Ruchi Sharma, Naveena Preethi, Amit Sidana


Tooth movement by orthodontic force application includes remodeling changes in dental and surrounding investing tissues, dental pulp, periodontal ligament, alveolar bone, and gingiva. These tissues, when exposed to varying degrees of magnitude, frequency, and duration of applied force, undergo various macroscopic and microscopic changes. Orthodontic tooth movement differs markedly from physiological dental drift or tooth eruption that is characterized by the abrupt creation of compression and tension regions in the periodontal ligament. Orthodontic tooth movement can occur rapidly or slowly, depending on the physical characteristics of the applied force, and the subsequent biological response of the periodontal ligament. These force-induced strains alter the periodontal ligament’s vascularity and blood flow, resulting in local synthesis and release of various keymolecules, such as neurotransmitters, cytokines, growth factors, colony-stimulating factors, and arachidonic acid metabolites. These molecules can evoke many cellular responses by various cell types in and around teeth, providing a favorable microenvironment for tissue deposition or resorption.
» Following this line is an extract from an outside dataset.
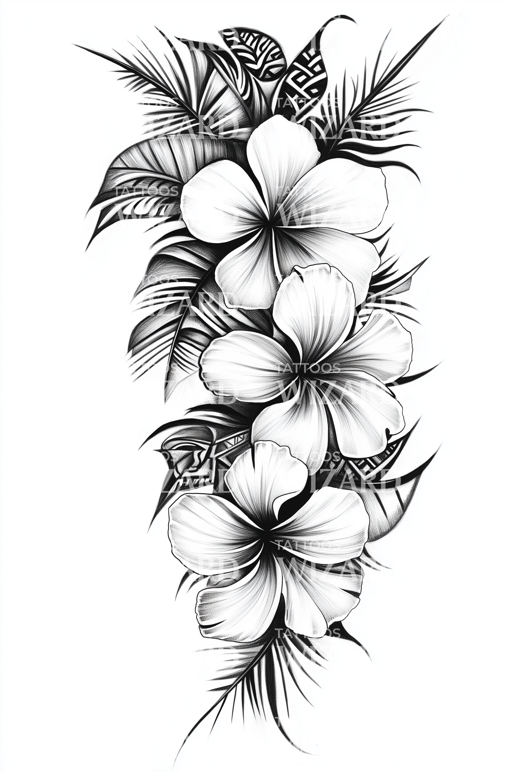 体验波利尼西亚文化的神秘魅力,这款独特的部落纹身设计。以层叠的精致鸡蛋花图案为特色,这款垂直作品在醒目的部落图腾中注入了花卉的韵味。异域与大胆的完美融合,成就了一个引人注目的身体艺术选择。

Studies in the early 20th century mainly analyzed the histological changes in paradental tissues after tooth movement. Those studies showed extensive cellular activities in the mechanically stressed periodontal ligament involving fibroblasts, endothelial cells, osteoblasts, osteocytes, and endosteal cells. Current literature has a vast data on molecular responses to orthodontic force. Therefore, the focus of this review is on the in-depth analysis of neurological mechanisms involved in the causation of orthodontic tooth movement.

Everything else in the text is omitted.